### MATERIAL SUPPLIED ###

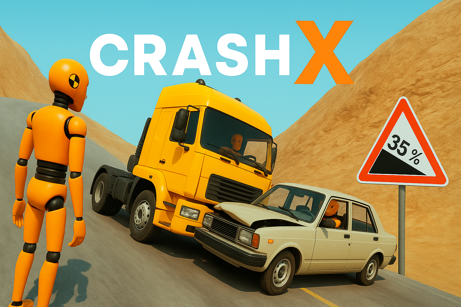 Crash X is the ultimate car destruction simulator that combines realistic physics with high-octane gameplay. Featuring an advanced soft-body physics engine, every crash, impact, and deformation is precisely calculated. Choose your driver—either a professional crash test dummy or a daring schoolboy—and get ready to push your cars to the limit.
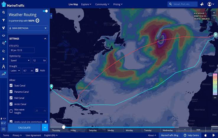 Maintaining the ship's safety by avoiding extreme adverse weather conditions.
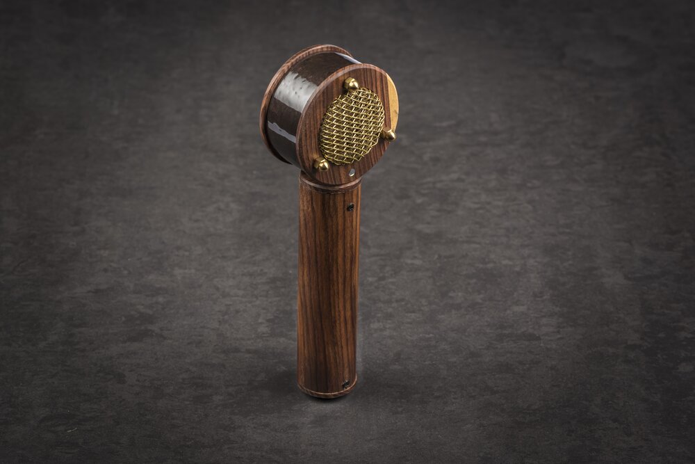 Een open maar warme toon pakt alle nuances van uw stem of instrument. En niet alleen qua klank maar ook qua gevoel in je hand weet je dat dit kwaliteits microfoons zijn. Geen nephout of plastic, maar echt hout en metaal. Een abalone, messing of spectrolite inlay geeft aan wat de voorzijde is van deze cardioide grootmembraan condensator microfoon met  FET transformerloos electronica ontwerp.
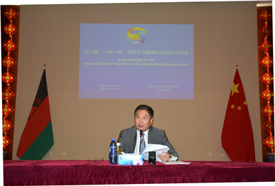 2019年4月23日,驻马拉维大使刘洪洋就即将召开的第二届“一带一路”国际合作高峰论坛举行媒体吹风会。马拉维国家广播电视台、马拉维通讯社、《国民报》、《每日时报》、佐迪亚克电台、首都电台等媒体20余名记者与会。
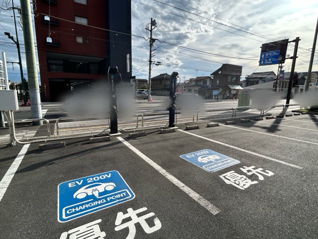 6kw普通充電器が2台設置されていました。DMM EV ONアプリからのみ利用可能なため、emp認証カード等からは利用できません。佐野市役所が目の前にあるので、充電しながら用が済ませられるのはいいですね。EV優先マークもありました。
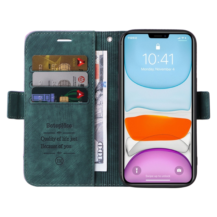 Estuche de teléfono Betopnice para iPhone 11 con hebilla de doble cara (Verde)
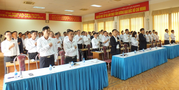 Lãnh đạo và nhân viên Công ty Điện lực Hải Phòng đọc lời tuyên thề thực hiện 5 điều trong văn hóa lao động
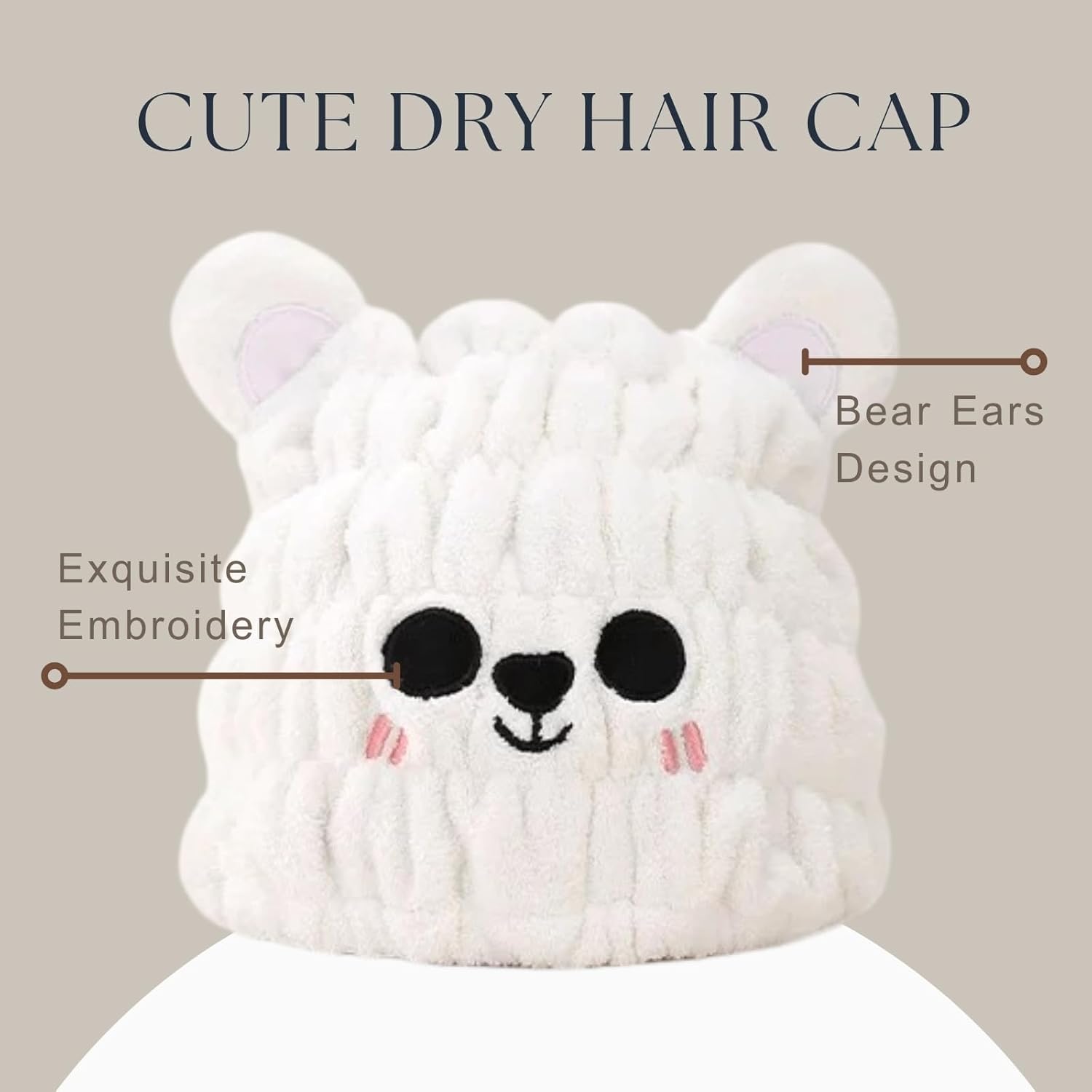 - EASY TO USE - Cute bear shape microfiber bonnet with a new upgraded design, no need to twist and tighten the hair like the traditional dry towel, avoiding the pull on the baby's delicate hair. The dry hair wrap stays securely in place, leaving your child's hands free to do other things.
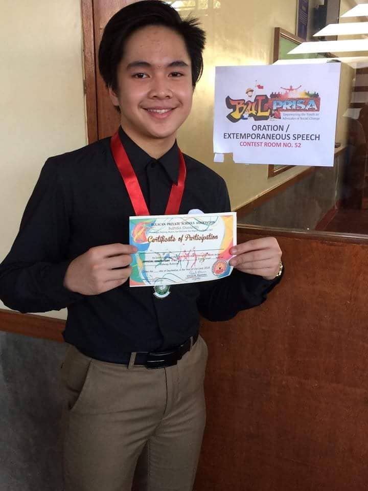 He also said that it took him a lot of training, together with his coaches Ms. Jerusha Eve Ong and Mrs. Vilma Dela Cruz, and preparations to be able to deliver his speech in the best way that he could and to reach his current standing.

###

EXERCISE BRIEF:
Transcribe the data word for word, with no images.

RESULT BELOW:
 Crash X is the ultimate car destruction simulator that combines realistic physics with high-octane gameplay. Featuring an advanced soft-body physics engine, every crash, impact, and deformation is precisely calculated. Choose your driver—either a professional crash test dummy or a daring schoolboy—and get ready to push your cars to the limit.
 Maintaining the ship's safety by avoiding extreme adverse weather conditions.
 Een open maar warme toon pakt alle nuances van uw stem of instrument. En niet alleen qua klank maar ook qua gevoel in je hand weet je dat dit kwaliteits microfoons zijn. Geen nephout of plastic, maar echt hout en metaal. Een abalone, messing of spectrolite inlay geeft aan wat de voorzijde is van deze cardioide grootmembraan condensator microfoon met  FET transformerloos electronica ontwerp.
 2019年4月23日,驻马拉维大使刘洪洋就即将召开的第二届“一带一路”国际合作高峰论坛举行媒体吹风会。马拉维国家广播电视台、马拉维通讯社、《国民报》、《每日时报》、佐迪亚克电台、首都电台等媒体20余名记者与会。
 6kw普通充電器が2台設置されていました。DMM EV ONアプリからのみ利用可能なため、emp認証カード等からは利用できません。佐野市役所が目の前にあるので、充電しながら用が済ませられるのはいいですね。EV優先マークもありました。
 Estuche de teléfono Betopnice para iPhone 11 con hebilla de doble cara (Verde)
 Lãnh đạo và nhân viên Công ty Điện lực Hải Phòng đọc lời tuyên thề thực hiện 5 điều trong văn hóa lao động
 - EASY TO USE - Cute bear shape microfiber bonnet with a new upgraded design, no need to twist and tighten the hair like the traditional dry towel, avoiding the pull on the baby's delicate hair. The dry hair wrap stays securely in place, leaving your child's hands free to do other things.
 He also said that it took him a lot of training, together with his coaches Ms. Jerusha Eve Ong and Mrs. Vilma Dela Cruz, and preparations to be able to deliver his speech in the best way that he could and to reach his current standing.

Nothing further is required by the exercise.